--- Data records ---
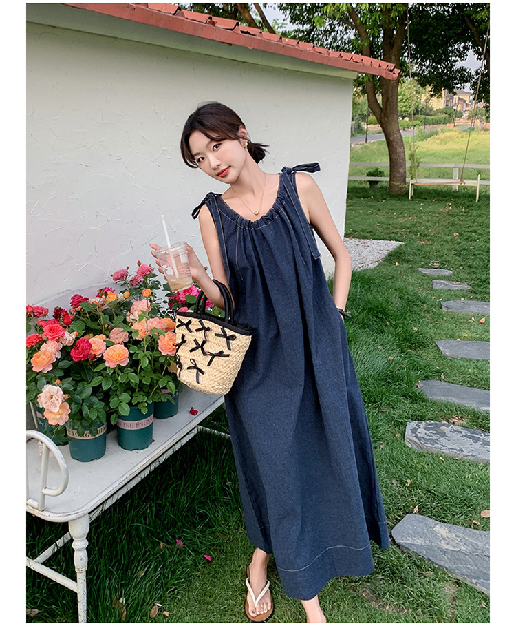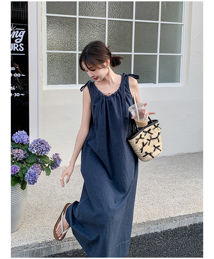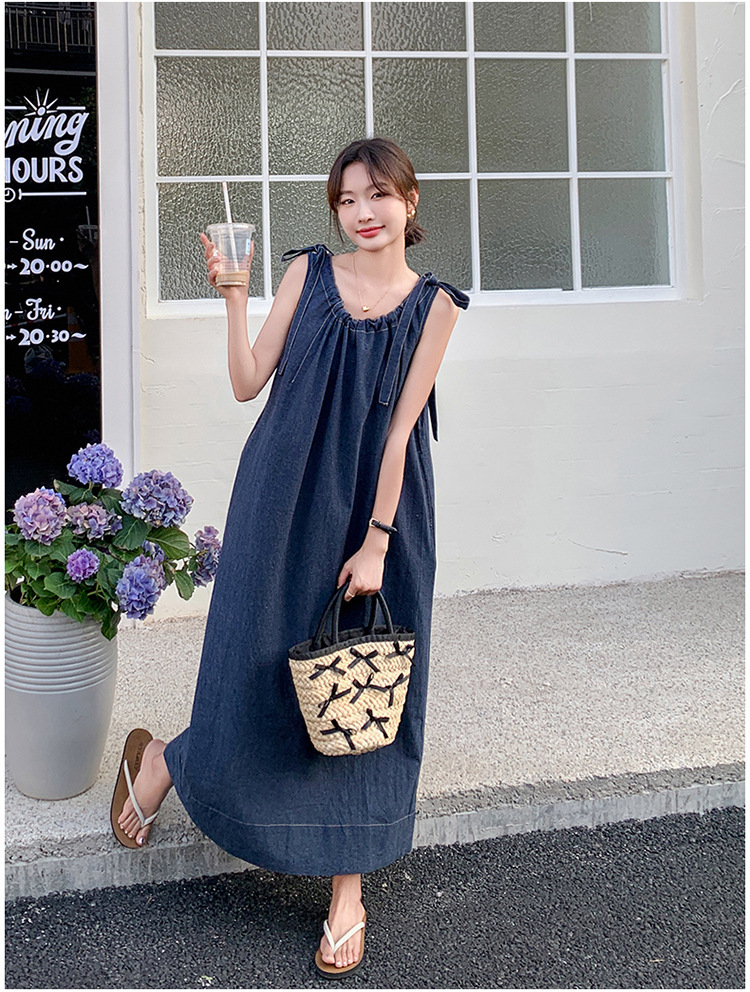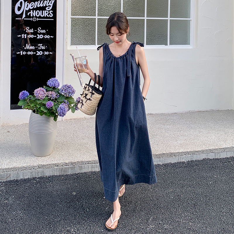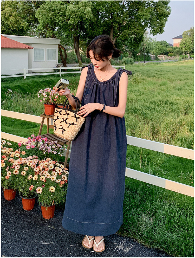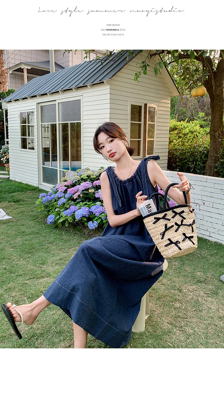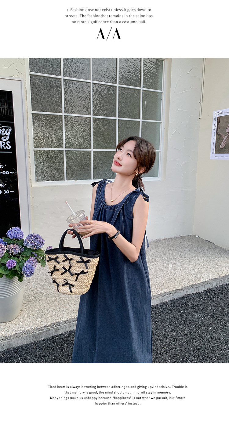 獨家訂製│韓系甜姐兒蝴蝶結造型牛仔連衣裙(06H6522)
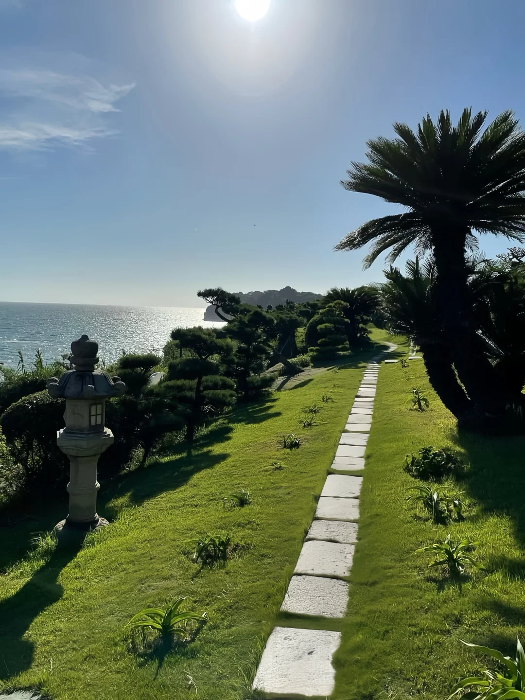 走在草坪上,一边是古老松树庭院,一边是辽阔太平洋,视野开阔到仿佛伸手就能碰到海风。
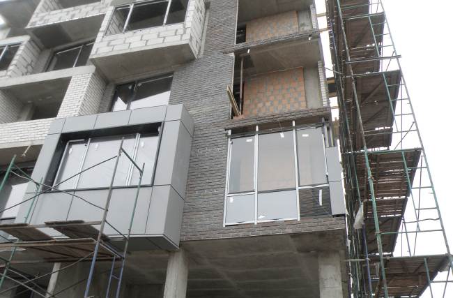 Но использовать клинкер на всех фасадах не позволял бюджет, и авторы предложили комплексное решение: не отказываясь от кирпича, комбинировать его с металлическими кассетами. Нашли отечественного производителя, предложили собственные решения кассет – в итоге по расчетам цена одного квадратного метра такого фасада составляет всего 9 000 рублей, что достаточно дешево. Различные сочетания нейтральных оттенков серого, бурого и коричневого клинкера и гладких поверхностей цветных кассет, выносы эркеров оживляют фасады.
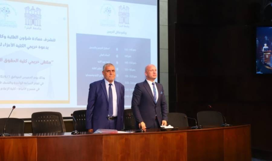 جاء ذلك خلال الملتقى الثالث لخريجي الكلية، الذي نظمته عمادة شؤون الطلبة وكلية الحقوق، بهدف تعزيز التواصل بين الجامعة وخريجيها، وتقوية روابط الانتماء والولاء، بحضور مدير وحدة ضمان الجودة، الدكتور أحمد القاسم.
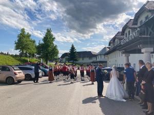 Am 21. Mai 2022 durfte wir mit großer Vorfreude bei der Hochzeit von unserer Musikerin Stefanie und ihrem Daniel dabei sein. In einem Festzug begleiteten wir das Brautpaar, die Festgäste sowie die Feuerwehr in die Pfarrkirche Kematen, wo wir einen Teil zur musikalischen Gestaltung der Messe beitragen durften. Nach der Hochzeitsmesse fand bei strahlendem Sonnenschein die Agape im Martinshof statt. Danach ging es ins Landhotel Schicklberg, wo den restlichen Abend ausgiebig gefeiert wurde.
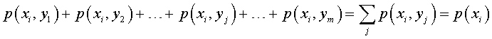 | yj | p (x1, yj) | p (x2, yj) | … | p (xi, yj) | … | p (xn, yj) | p (yj) |
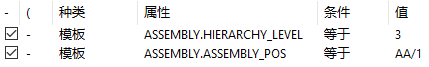 ASSEMBLY.HIERARCHY_LEVEL作为属性,选择相等,并将所需的构件层次定义为值。 -

--- Work instructions ---
Go through the entries above and write them out again exactly, images left behind.

--- Response ---
 獨家訂製│韓系甜姐兒蝴蝶結造型牛仔連衣裙(06H6522)
 走在草坪上,一边是古老松树庭院,一边是辽阔太平洋,视野开阔到仿佛伸手就能碰到海风。
 Но использовать клинкер на всех фасадах не позволял бюджет, и авторы предложили комплексное решение: не отказываясь от кирпича, комбинировать его с металлическими кассетами. Нашли отечественного производителя, предложили собственные решения кассет – в итоге по расчетам цена одного квадратного метра такого фасада составляет всего 9 000 рублей, что достаточно дешево. Различные сочетания нейтральных оттенков серого, бурого и коричневого клинкера и гладких поверхностей цветных кассет, выносы эркеров оживляют фасады.
 جاء ذلك خلال الملتقى الثالث لخريجي الكلية، الذي نظمته عمادة شؤون الطلبة وكلية الحقوق، بهدف تعزيز التواصل بين الجامعة وخريجيها، وتقوية روابط الانتماء والولاء، بحضور مدير وحدة ضمان الجودة، الدكتور أحمد القاسم.
 Am 21. Mai 2022 durfte wir mit großer Vorfreude bei der Hochzeit von unserer Musikerin Stefanie und ihrem Daniel dabei sein. In einem Festzug begleiteten wir das Brautpaar, die Festgäste sowie die Feuerwehr in die Pfarrkirche Kematen, wo wir einen Teil zur musikalischen Gestaltung der Messe beitragen durften. Nach der Hochzeitsmesse fand bei strahlendem Sonnenschein die Agape im Martinshof statt. Danach ging es ins Landhotel Schicklberg, wo den restlichen Abend ausgiebig gefeiert wurde.
 | yj | p (x1, yj) | p (x2, yj) | … | p (xi, yj) | … | p (xn, yj) | p (yj) |
 ASSEMBLY.HIERARCHY_LEVEL作为属性,选择相等,并将所需的构件层次定义为值。 -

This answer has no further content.